Tristar Skyline Chief Medical Officer Dr. Kevin Hamilton said it was an emotional evening for many reasons. Aleya’s organ donation not only provided solace to her family but also comforted those who cared for her. “It’s meaningful for our staff, for our doctors, nurses that are caring for patients who pass away and to know that some good and something meaningful came out of that tragedy,” said Dr. Hamilton.
Four of Aleya’s organs were donated to three people: A 65-year-old woman, a 36-year-old man and a 47-year-old woman. They were all given a second chance at life.
“I had my sister’s kidney for almost 35 years. So, she knows how important organ donation is,” said Aleya’s mother, Darla Brooks. “And I absolutely know that she [Aleya] would want to do anything to save more lives.”
Neighbor becomes a lifesaver
If you are driving around Idaho Falls, Idaho, and come across a car with a license plate that reads ‘GTBA,’ you will find transplant recipient Robert Parkinson behind the wheel. The four-letter acronym displayed on his car meaning, ‘Good To Be Alive,’ are the words that he lives by after getting a second chance at life.
This month, Robert participated in a Donate Life Month ceremony at HCA Healthcare’s Eastern Idaho Regional Medical Center to share the importance of organ donation while also honoring the selflessness of Jeremy Rose, his neighbor and liver donor. Jeremy was involved in a tragic construction accident in Hawaii in 2010 that caused him to become brain-dead at 34 years old.

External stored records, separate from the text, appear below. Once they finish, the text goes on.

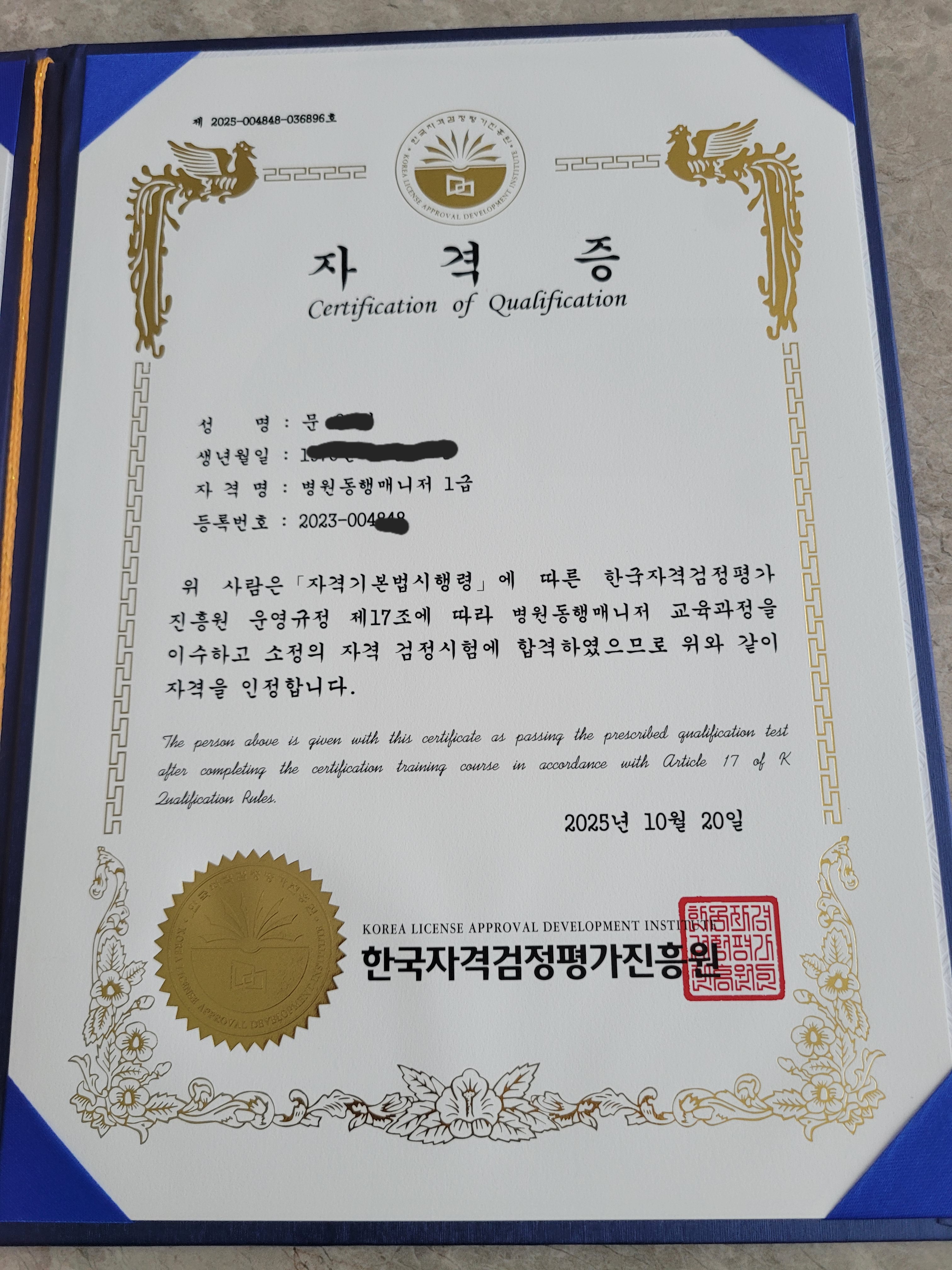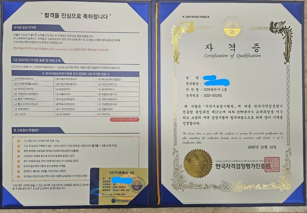 오랜 직장생활을 그만두고 시간적 여유가 되어 자격증 취득 과정중 빠르고 간단한 자격증인증협회의 다양한 과정 참 좋네요. 다른 자격증도 현재 수강중 입니다.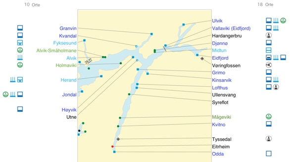 Symbole charakterisieren die Orte hinsichtlich ihrer Ausstattung.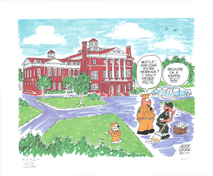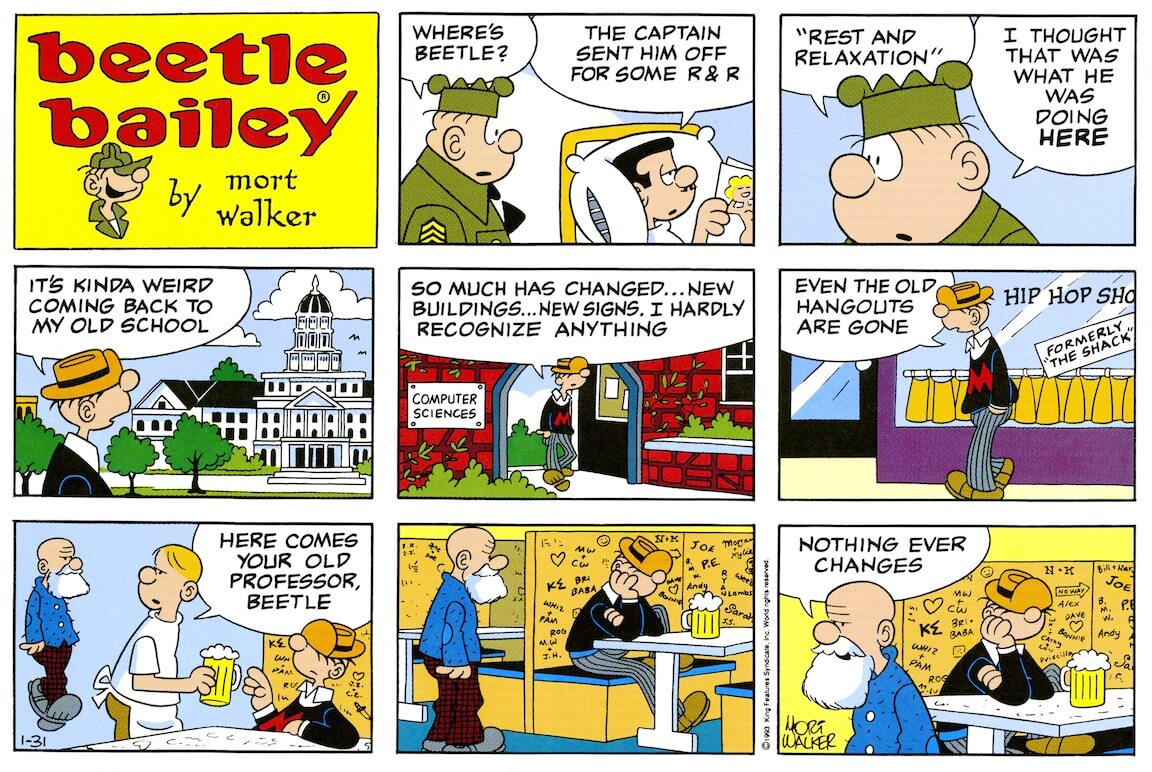 During his time at the University, he was said to be a regular at the local burger restaurant “The Shack,” which he mentioned and replicated frequently in his “Beetle Bailey” comic strip. Walker visited the Shack on return trips to the University with the last being to the original structure in 1978.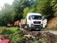 Vyprošťování kamionu s kamením ve Skřipově z příkopu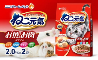 • ねこ元気 お魚ミックス まぐろ・かつお・白身魚入り 2.0kg×2袋 ペットフード キャットフード 猫のごはん 猫用フード 猫 ペット ドライ ユニ・チャーム ペット ユニ・ケアー [№5275-0814]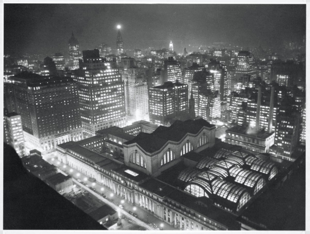 14) An evocative view of Penn Station as seen from above on a New York night, around 1950.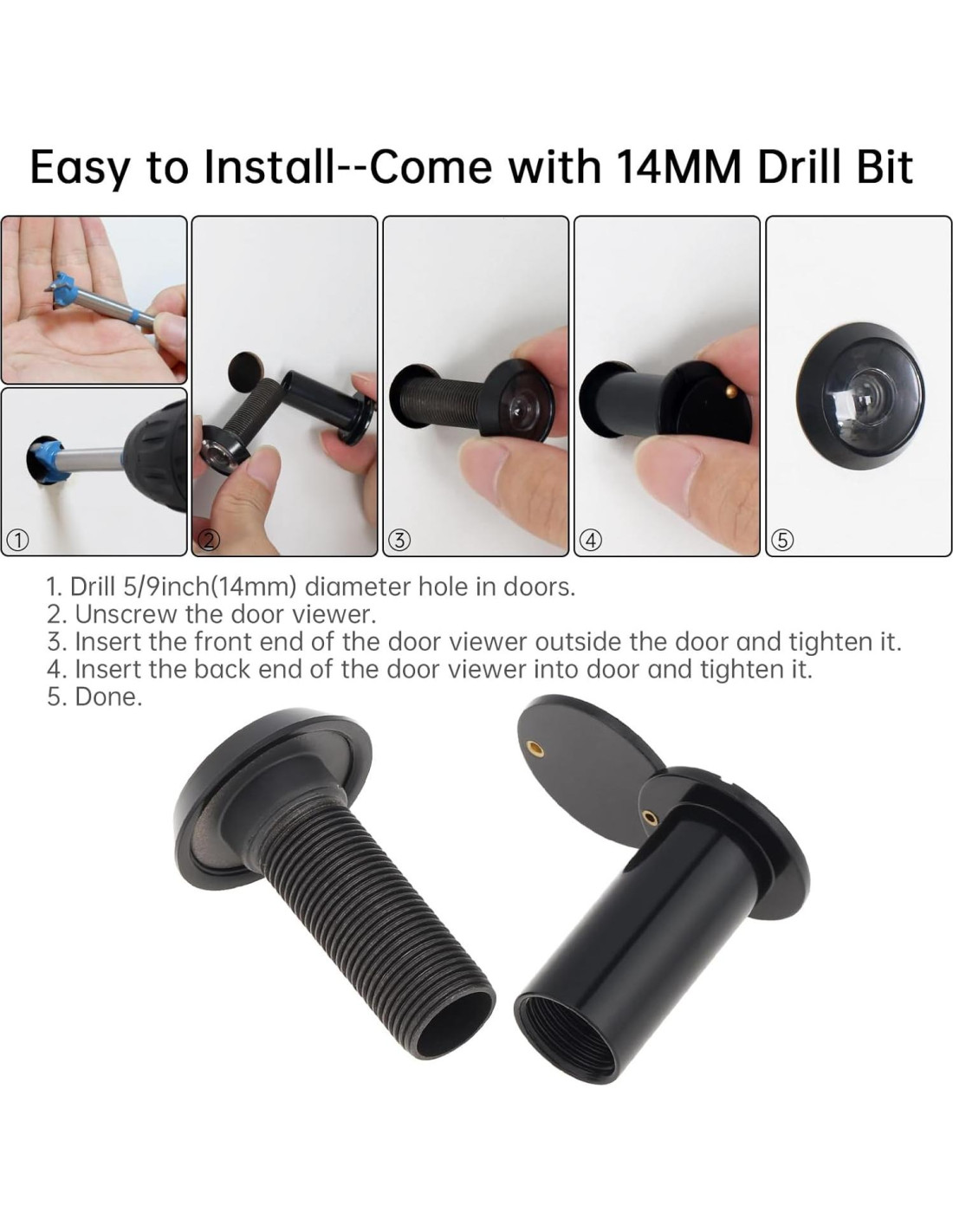 - Fácil Instalación: Viene con broca de 14 mm (5/9 pulgadas), las mirillas de puerta son adecuadas para puertas con un grosor de 1-3/8" a 2-1/6". Perfora un agujero de 5/9" de diámetro en una posición adecuada, inserta la mirilla en el agujero y luego atornilla los dos lados juntos y aprieta a mano.
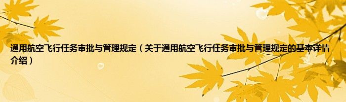 本文关于通用航空飞行任务审批与管理规定的基本详情介绍就讲解完毕,希望对大家有所帮助。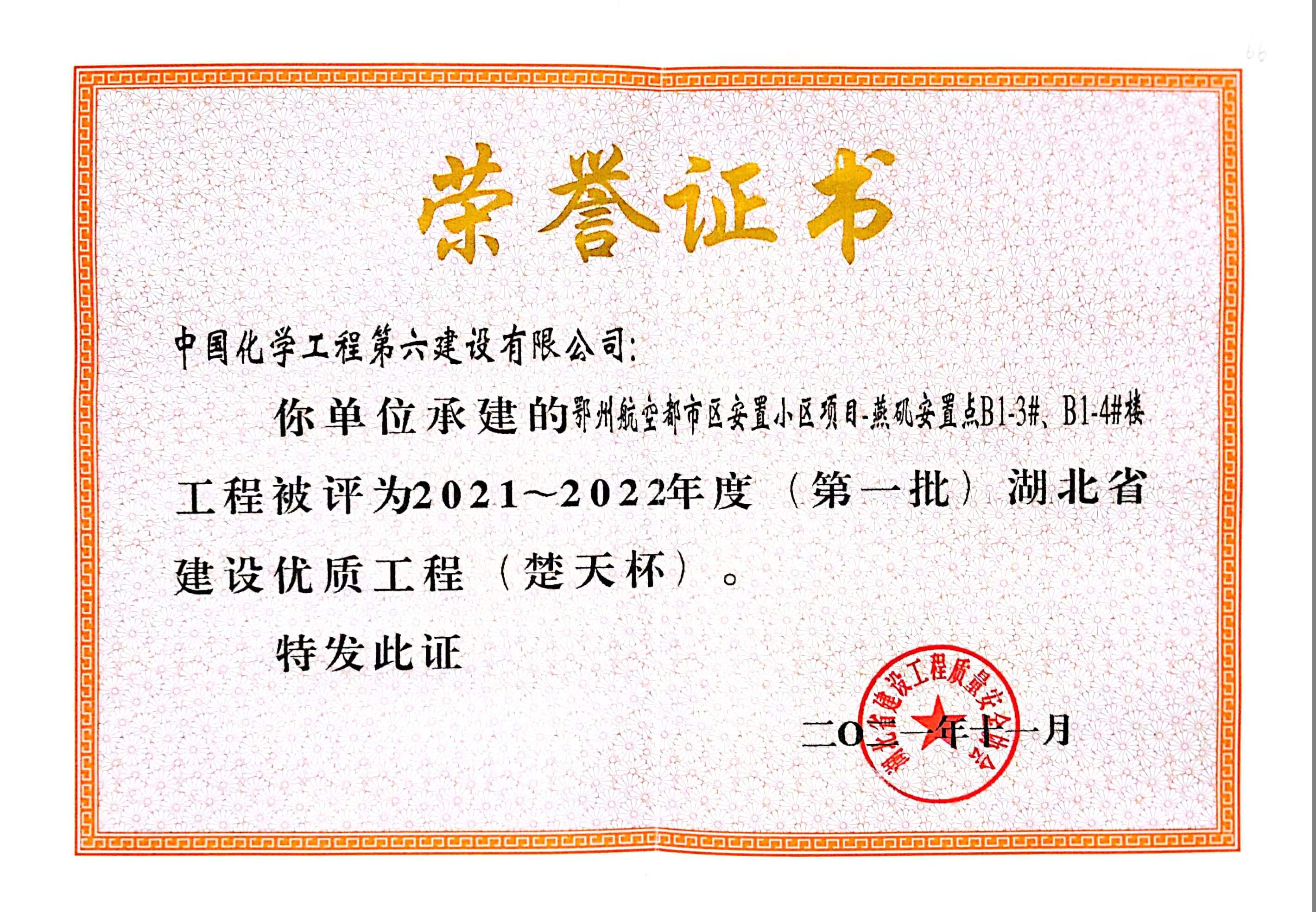 鄂州航空都市区安置小区项目—燕矶安置点B1-3#、B1-4#楼项目获得湖北省楚天杯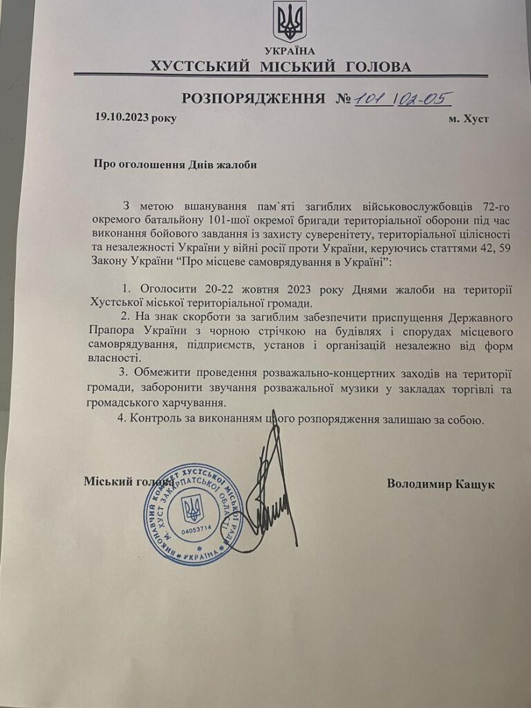 Volodimir Kascsuk polgármester rendelete értelmében gyásznapokat hirdettek a Huszti kistérségben október 20-22-e között.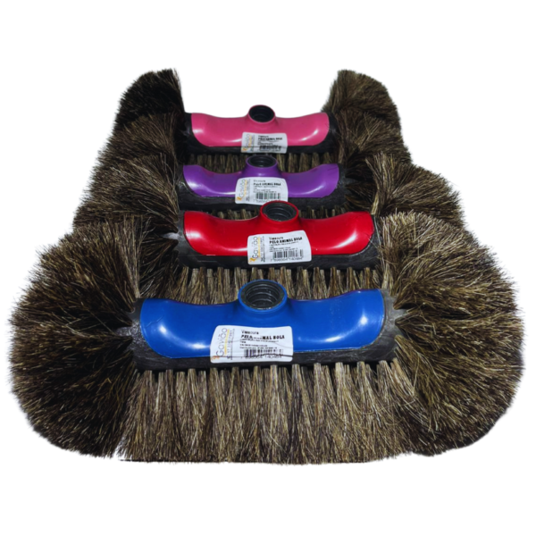 Vassoura Pelo Animal Bola, uma super vassoura, produzida com cepo plástico e crinas de animal, tem uma longa durabilidade e não arranha as superfícies. Uso interno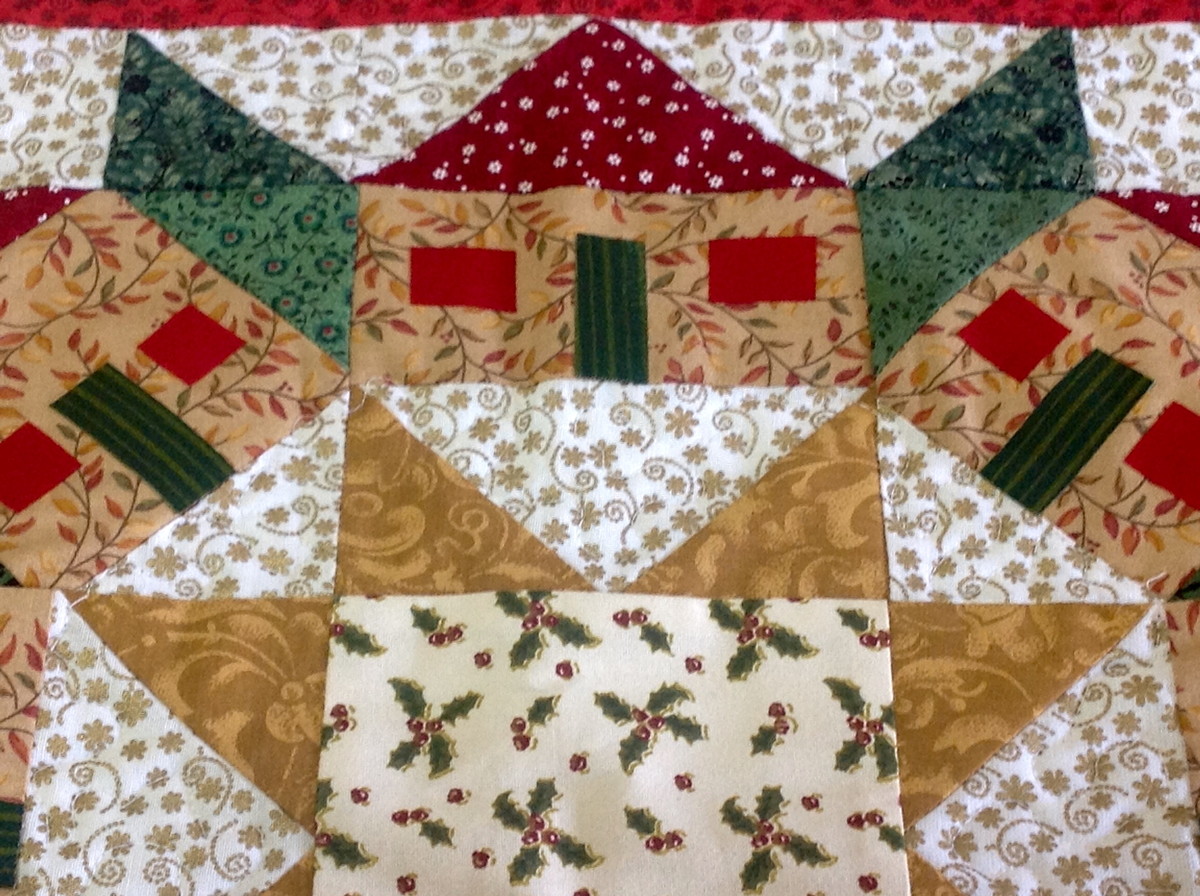 Painel decorativo feito em patchwork clássico com motivo de Natal em formato de guirlanda de casinhas, confeccionado em tecidos nacionais e quilt livre.

The family was initially hesitant to donate Jeremy’s organs with hopes that he would recover in the Hawaii hospital. Back in Idaho, Robert was not expected to survive the week without a liver transplant.
After understanding that Jeremy was not going to recover and learning of Robert’s dire condition, Jeremy’s family donated his liver on the condition it went to Robert, saving his life. Because of the role his family and sister Emily Bowcutt played in helping to decide to donate Jeremy’s organs, Robert felt compelled to honor Donate Life Month this year at Eastern Idaho Regional Medical Center where Emily is a medical and surgical director.
In total, three lives were saved with the generosity of Jeremy and his family. “Not a doubt in my mind he would want this,” shared Emily. Because of her experience working in the hospital, Emily says she knew no matter what they did, she was going to lose her brother. Because of the organ donation, their family found meaning in the loss of Jeremy.
The gift of life has caused these two families to grow closer. “We were more acquaintances before, and now we’re family,” Robert said. “I just want to express appreciation for the gift of life. There’s a lot of people involved, a lot of medical people involved, there’s the donor family involved, and they’re the real heroes of these stories. I’m just grateful.”
Robert now has 24 grandchildren that he now gets to watch grow up because of the generosity of Jeremy’s family.